壬晴が流した涙の意味を宵風は分からなかった。ただ静かに瞳から溢れ、落下していく雫を見上げる。 <
壬晴にもう一度会わなくちゃとどこか強迫めいた宵風の願望は達成された。後は何とか自分が死ぬ前に森羅万象を使って消してもらうことだけ。
僕を消して。僕の存在を消して。最初から無かったものにして。
宵風が掠れた声で言うと、壬晴は緩く首を振る。ほとんど音の聞き取れない中で、壬晴の口が『嫌だ』と動くのが霞んで見えた。

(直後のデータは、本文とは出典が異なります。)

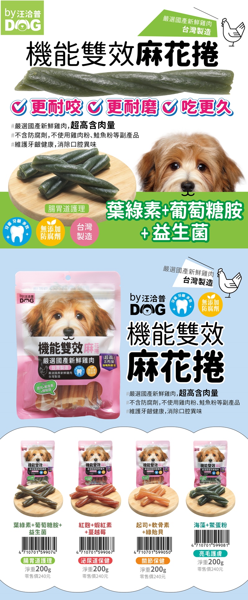 【汪洽普】麻花捲潔牙骨 葉綠素+葡萄糖胺+益生菌(200g)
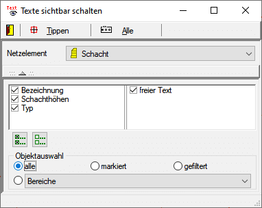 Die Einstellung im Bereich Objektauswahl wirkt sich beim Betätigen der Schaltfläche Alle aus. Hier können evtl. vorhandene Markierungen oder Filter für die Durchführung des Text einblenden berücksichtigt werden.
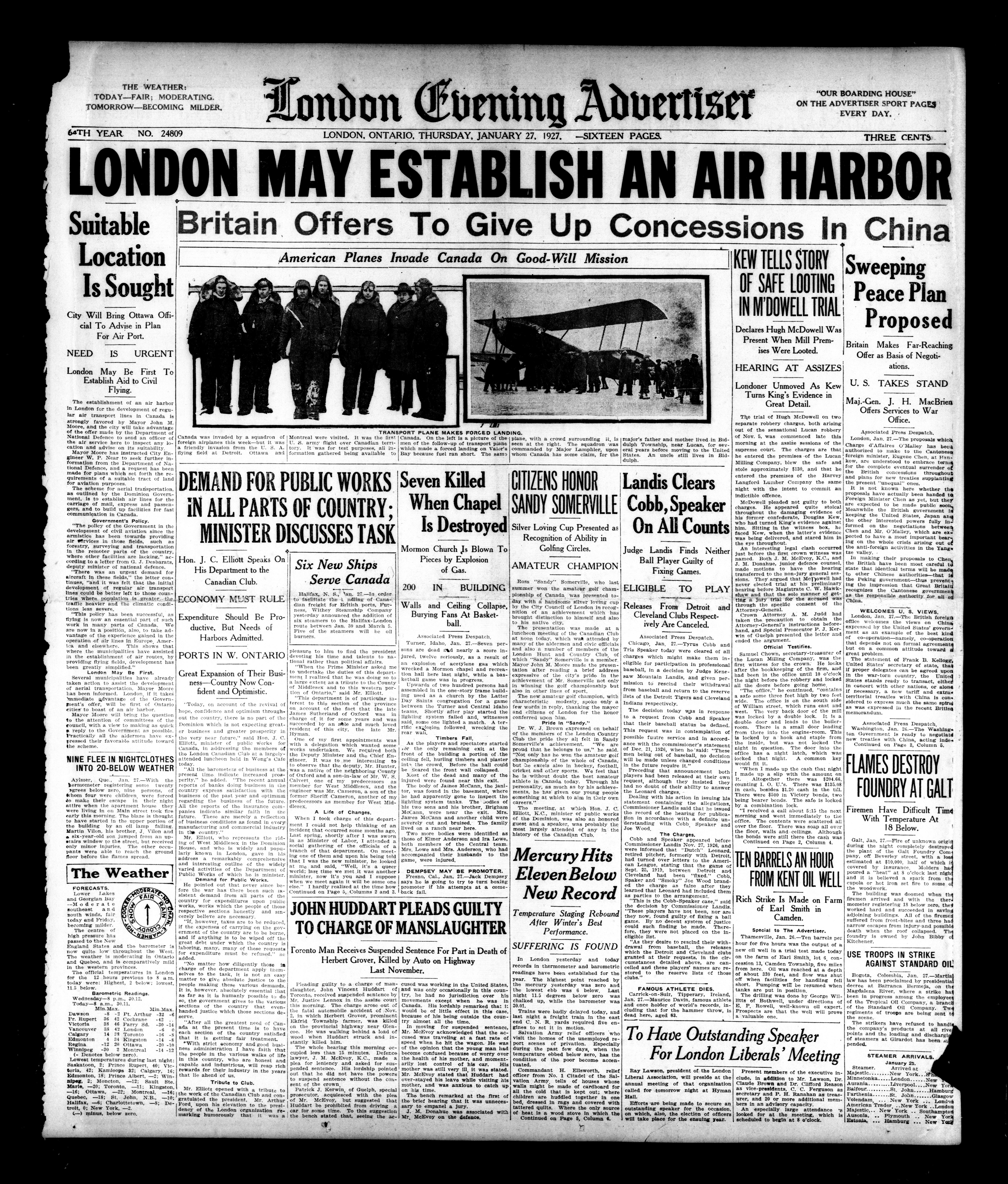 London Evening Advertiser. : London evening advertiser : 64th Year, No. 24809 (January 27, 1927)

なぜと訊く前に、壬晴が肩口に顔を埋めた。宵風の頭をそっと抱き込んで、ささやく。 「俺が助けるから。……宵風のために森羅万象を使うから」
だから死なないで。俺が宵風のそばに行くから。お願いだから死なないで。
耳元の呟きは宵風にしっかり届き、壬晴の流した塩分を含んだ水が頬を濡らしていく感覚を感じられることが何だかとても心地良くて、宵風は再び目を閉じた。